New banking rules may lead to consolidation

Experts believe the adoption of Basel III in Russia may spark a wave of consolidation as owners of small and mid-sized banks sell out rather than face up to the new rules. Source: PhotoXPress

Experts believe the adoption of Basel III in Russia may spark a wave of consolidation as owners of small and mid-sized banks sell out rather than face up to the new rules. Source: PhotoXPress

The introduction of Basel III requirements may trigger consolidation among Russian banks as small and mid-size players race to comply with the new rules. The change could also give foreign banks a new entryway into the country.

Vladimir Klimov, owner of a small bank in the Urals, has been wrestling over the fate of his business all year. By law, on January 1, 2014, Russian lenders must adopt Basel III international standards. To comply, Mr. Klimov’s bank must raise additional capital he doesn’t have.

The aspiring young banker says he’s exhausted all but two options: either sell the bank to a deep-pocketed investor for little more than the value of its capital, or sell his customer base and return his banking license to the Central Bank. “The sale will be the lesser of two evils,” sighs Mr. Klimov.

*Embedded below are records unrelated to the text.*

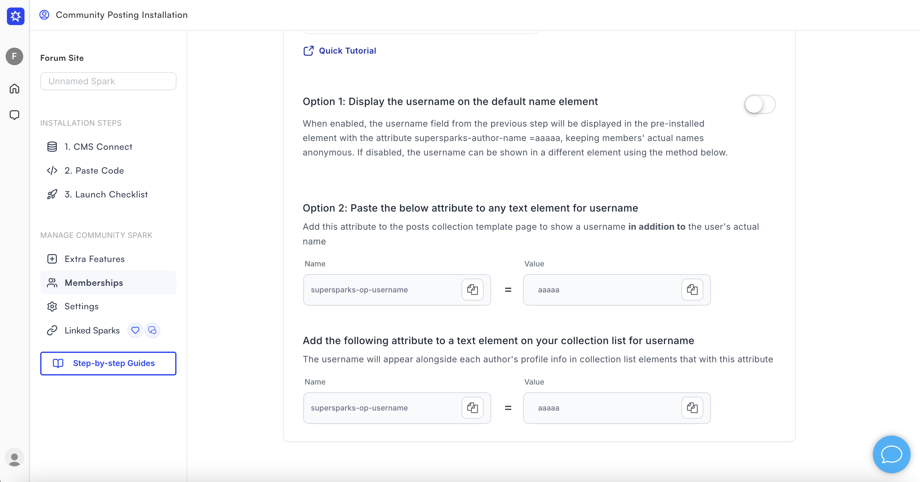 To display members' username with reviews and comments, you first need to add a text element to the comment cards in Webflow. Then, be sure to paste the attribute provided in Option 2 (from the username area of the Supersparks) area to the new text element - the attribute value will always be the unique 5-digit code for the spark (eg. supersparks-username = bbbbb in the below example).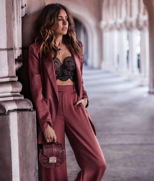 Классический костюм — вовсе не синоним скучности. Если надеть под пиджак бралетт вместо привычной блузки, образ мгновенно приобретет современную изюминку и продемонстрирует безупречный вкус своей обладательницы. Это смелый, но очень элегантный ход.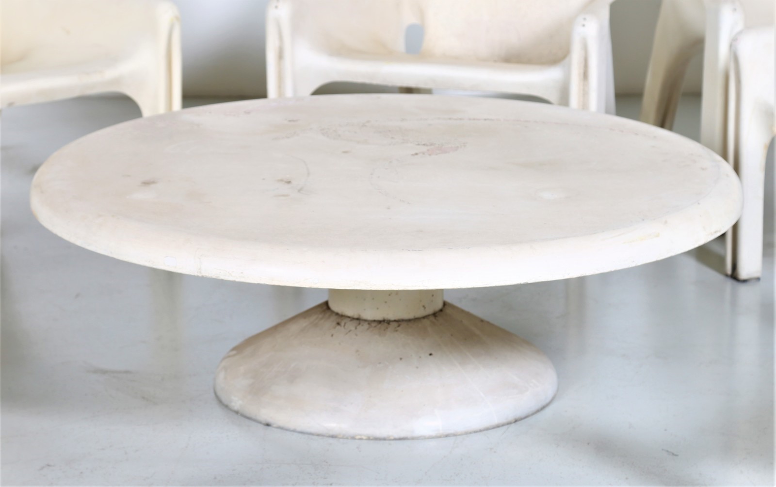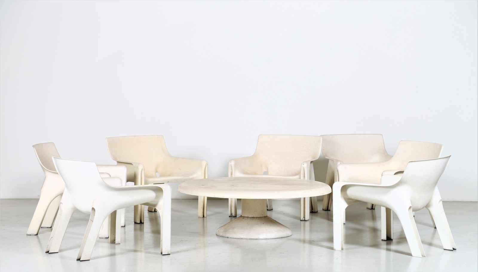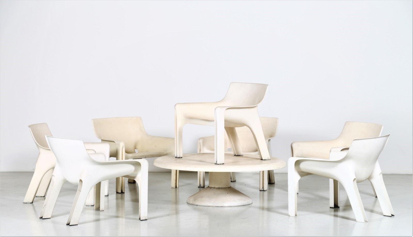 MAGISTRETTI VICO (1920 - 2006) Otto poltrone mod. Vicario, un tavolino Tessera-Mezza Tessera, per Artemide anni 70. Plastica. Cm 72,00 x 68,00 x 60,00. Dimensioni tavolino: 40x120 cm.

The adoption of Basel III in Russia, intended to increase transparency and head off potential future banking crises by forcing lenders raise capital ratios, may spark a wave of consolidation as owners of small and mid-sized banks sell out rather than face up to the new rules, according to Mikhail Kuzmin, executive director of the Center for Economic Research at Synergy University.

The change may also create a new opportunity for foreign banks to snap up new assets in Russia, analysts said.

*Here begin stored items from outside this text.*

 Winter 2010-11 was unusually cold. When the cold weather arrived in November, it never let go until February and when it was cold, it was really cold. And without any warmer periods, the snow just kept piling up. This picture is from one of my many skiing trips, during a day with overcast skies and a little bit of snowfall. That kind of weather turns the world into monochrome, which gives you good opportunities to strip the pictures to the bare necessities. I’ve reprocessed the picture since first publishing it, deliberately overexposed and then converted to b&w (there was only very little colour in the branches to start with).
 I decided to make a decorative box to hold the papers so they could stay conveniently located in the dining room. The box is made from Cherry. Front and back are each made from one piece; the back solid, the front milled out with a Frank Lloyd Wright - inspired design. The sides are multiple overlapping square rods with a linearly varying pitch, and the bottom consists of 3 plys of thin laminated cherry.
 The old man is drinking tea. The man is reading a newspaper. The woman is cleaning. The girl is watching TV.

“Many small and medium-sized banks are not ready for this transition,” said Viktor Chetverikov, general director of the National Rating Agency. “They lend to borrowers and projects that are of poor quality, unlike the major banks that enjoy cheap funding and lending rates.”

After the collapse of the Soviet Union, small banks sprung up in Russia like mushrooms and foreign banks raced to enter the country with varying degrees of success.

Today, while many of the smaller players persist, the scene is dominated by two domestic giants. Sberbank, a revitalized incarnation of the Soviet Union’s national savings bank, accounts for almost half of the country’s retail deposits. VTB24, the former Soviet foreign trade bank, has about 7.3 percent of the country’s retail deposits, and has made significant moves into investment banking.

How Basel III is being introduced in Russia

This summer, Central Bank Chairman Elvira Nabiullina announced Russia would introduce Basel III requirements synchronously with the EU and US at the start of 2014. Under Nabiullina’s leadership, the Central Bank has decided to partially ease the requirements for Russian banks: Requirements for common equity will be set at the level of 5 percent, capital assets at 5.5 percent (with an increase to 6 percent beginning January 1, 2015), and aggregate capital at 10 percent.

International firms like Citibank, Austria’s Raiffaissen and Italy’s UniCredit succeeded in establishing large operations in Russia. But other global players have found the country more difficult to enter.

Britain’s Barclays acquired Expobank in 2008, but sold the unit for less than the buying price during the subsequent financial crisis. HSBC retreated from its retail banking operations Russia in 2011 as part of large-scale international reorganization, after only two years of effort.

Big global banks still looking for an entry point into Russia may be able to take advantage of the current situation, as otherwise profitable regional banks look for buyers, said Pavel Loginov, Chairman of the Management Board of Metcombank.

According to Russian law, foreign banks cannot open branches directly inside the country. But they are allowed to maintain fully-owned subsidiaries, making acquisition an appealing option compared to starting fresh.

To be sure, many larger Russian banks are also said to be facing difficulty raising liquidity ahead of the new rules. According to Fitch, the international ratings agency, four of Russia’s largest banks in terms of assets will face a scarcity of capital – including VTB, Alfa Bank, NOMOS Bank and Russky Standart – as well as up to twenty medium-sized banks.

Yet the biggest banks will be helped by their shareholders, primarily the Russian state or extremely high-net worth individual investors, analysts said. Small and medium-sized banks will have to survive on their own.

Mr Chetverikov said he believes the introduction of Basel-3 could mean Russia winds up losing its medium-sized banking business sector in favor of the largest players and subsidiaries of foreign banks.

“In contrast to the banking systems in Europe and the US, asset structure in [Russia’s] banking sector remains comparatively basic, without the critical dependence of bank capital on hybrid instruments. And, on the other hand, the balance sheet structures are from the financial derivative market,” explained Mikhail Nikitin, a credit analyst at VTB Capital.

“Capitalization is higher in [Russian] banks than in European ones. Considering the higher volatility of the Russian economy and tempo of growth of the banking sector, our banks need to be stronger to match the level of risk,” said Svetlana Pavlova, Assistant VP at Moody’s.